August 16, 2012
Stroke Victims Could Benefit From Therapy Combining Exercise, Neuroprotective Agent
New research published in Restorative Neurology and Neuroscience
In a study published in the current issue of Restorative Neurology and Neuroscience scientists report that a therapy combining exercise with the neurovascular protective agent S-nitrosoglutathione (GSNO) improved recovery from stroke in a rat model. GSNO is a compound found naturally in the body and it has no known side effects or toxicity."In our study, GSNO or motor exercise provided neuroprotection, reduced neuronal cell death, maintained tissue structure, and aided functional recovery by stimulating the expression of neuronal repair mediators," says lead investigator Avtar K. Singh, MD, of the Medical University of South Carolina (MUSC) and the Ralph H. Johnson VA Medical Center, Charleston. "GSNO in combination with exercise accelerated the rate and enhanced the degree of recovery."

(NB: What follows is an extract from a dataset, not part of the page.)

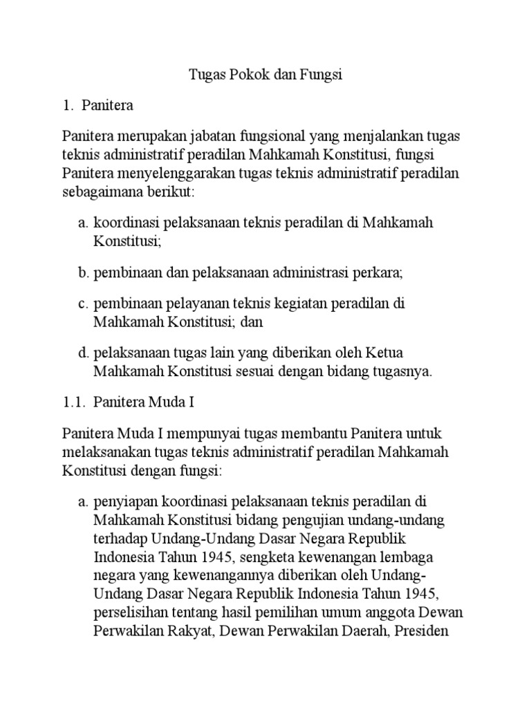 Salinan Perwal Nomor 041 Tahun 2012 Tentang Uraian Tugas Pokok Fungsi Dan Tata Kerja Staf Ahli from data03.123doks.com Direksi secara umum, direksi terdiri dari satu orang. Dewan direksi memiliki tugas peran untuk memimpin dan menentukan arah perusahaan. Membuat uud yang baru untuk menggantikan pemilu pertama di indonesia diadakan pada 29 september 1955 untuk memilih anggota dpr dan 15 desember 1955 untuk memilih dewan. Tugas serta wewenang dewan perwakilan daerah (dpd) ialah merupakan dua hal yang tidak dapat terpisahkan. Tugas utama ialah menggubal dan meluluskan undangundang. Fungsi utama dpr dalam pemerintahan indonesia adalah sebagai badan yang mewakili suara rakyat. Ia merupakan satu majlis khas untuk rakyat menyuarakan hasrat dan pendapat. Membahas dan memberikan atau tidak memberikan persetujuan terhadap peraturan pernerintah wajib memberi keputusan atas pendapat dewan perwakilan rakyat mengenai digaan pelanggaran oleh presiden dan wakil presiden menurut.

Stroke is both an acute disease and a chronic condition. While the acute phase is associated with cell death and secondary injury, the chronic phase is characterized by insufficient neurorepair mechanisms. Most monotherapies fail because the drugs are not effective in the chronic phase. Rehabilitation has been used to improve neurofunction in the chronic phase, but its efficacy is slow and limited. An ideal therapy would ameliorate the injury in both phases and therefore include a combination of rehabilitation and an agent that provides both neuroprotection and repair, such as GSNO.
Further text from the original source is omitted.